How do I know? As soon as you have to eat something like an old can of Kroger’s Cream of Mushroom Soup or a toad, you’re gonna get the runs and die. It’s that simple. You will not last being off your diet. If I pour you a bowl of Cheerios and slide it across the table and you act like I just slid a bomb in your direction, you aren’t gonna last.
But it doesn’t have to be this way. Let me help you. Friend, as soon as there’s a threat of nuclear war, here’s the first thing you need to do: go to Jack n the Box, get an order or two of tiny tacos, and put them in your refrigerator. Every day for a week, you will take one taco out, heat it up, and eat it. Then you’ll reduce it to every other day, then eventually one a week until nuclear war breaks out. A stomach that is acclimated to Jack n the Box tiny tacos can survive off rats, roaches, and your dog that we will eventually eat.
I told you I was gonna be real.
*Not Weight Watchers.

Advice 3: Show Honor, Like Me
Some of you don’t believe me. That’s fine. I’ll still take the high road and bury you. I’ll pull you out of whatever crawlspace you’re in and drag your body however far I need to go to get you in the ground. When your crispy head falls off, I will bend down and pick it up, and reattach it. But first I’ll jokingly make it say, “Capri Suns are poison, I’d never let my kids have one” in your voice. At this point, it really doesn’t matter if your head is attached or half a mile away, but I reattach it to show you honor. That’s the difference between us.

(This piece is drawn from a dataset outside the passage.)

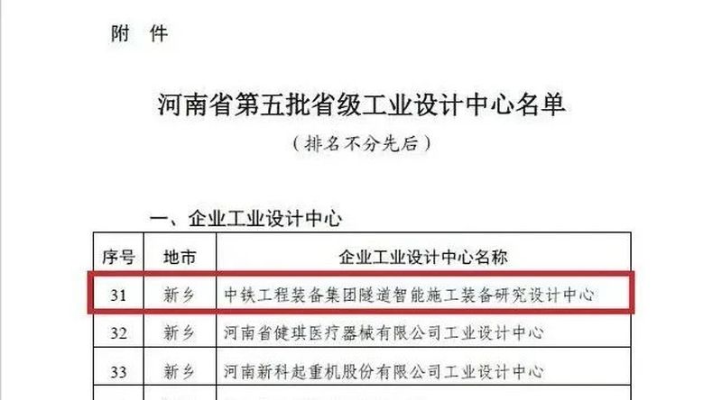 近日,河南省工业和信息化厅正式发布“河南省第五批省级工业设计中心”名单。中铁装备集团设备公司“隧道智能施工装备研究设计中心”通过认定,顺利入选,成为河南省工业设计中心!
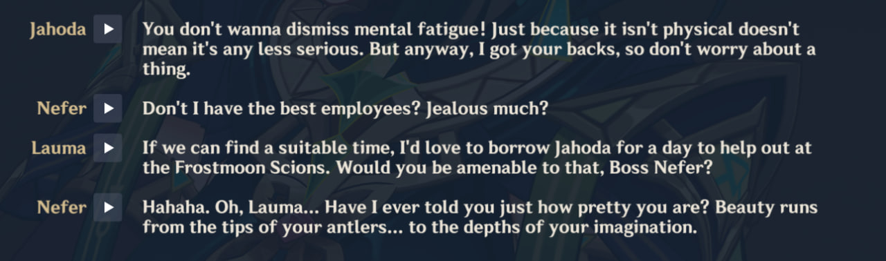 >“I think Columbina seems to like Sandrone very much. And because of that affection, it’s kind of… how should I put it… (laughs). She’ll tease her without any bad intentions, or say things like that when they’re playing games together, and then Sandrone will go, like, “Grrr!” and get all worked up. But then sometimes, she’ll suddenly soften up and act all sweet, so I just find Sandrone really adorable. I really like the relationship between the two of them, so yeah Sandrone definitely catches my interest!"Cute AND canon.

After I toss you into the mass grave my faction and I spent 16 hours digging (wasting precious ground squirrel calories), I will say a prayer for you even though I know it’s too late. I’ll do it because I like to pretend I’m being filmed for a movie and I’m smiling a bit because I know it’s ridiculous. This is what keeps me sane—little chuckles here and there. Just then, an empty Capri Sun wrapper floats by, its silver packaging glistening in the moonlight, and lands on your body. I climb down into the grave and put your hand on the Capri Sun wrapper. The Egyptians believe that whatever you’re buried with, you get to take into the next life, so even though I know that’s bunk, I chuckle at the image of you walking into the next life and you’ve got a Capri Sun in your hand.
Advice 4: Choose Your Clans Wisely
Some of you are villains or are easily susceptible to joining villain-led clans. I’m good at sniffing out villains before they show their full hand. My husband can vouch for my reputation. “Yeah, yeah… you’re good at it” he’d say while raising his hands just above his shoulders and waving them in a very sarcastic cheer. I saved you, bro.

The short answer for spotting covert villains is to look for people who don’t make sense. Look for the people you’re always making excuses for, learn their weaknesses, because you’ll have to fight them and possibly raid their stash. If you’re still confused, just join whatever clan I join.
An Illustration of How This Is Going to Work

While I have my strengths for surviving in the wasteland, I’m not a leader nor do I want to be. Leaders have to schmooze people in order to get the dummy-crowd from doing low-IQ things. I found a Dale Carnegie book in the little library by my house that teaches you all these tips on how to get people to like you and do whatever you want. Half the tips, I hate when people do them. “Say the person’s name a lot.” You say my name a lot and I know you’re up to something. But a goof hears his name several times and he’s willing to kill for you.
No, I’m not a leader in that sense, but I recognize the talent (evil) in those who are willing to say another man’s name over and over again just to get him to light an enemy’s encampment on fire. I’m the person the leader glances at after he says, “The key to the armory is somewhere in its bowels.”

The leader doesn’t have to say my name—in the wasteland, I have no name—nor does he have to charm me by speaking to my potential and my principles. He already knows I deeply hate the enemy Kai and his clan of brother-men, and when something needs to get done, like swimming through a dead whale’s bowels to get the key to the dead general’s armory in order that we may be equipped to drive Kai’s clan out of the valley, I’M GOING TO DO IT.

But the real question is, what are you gonna do?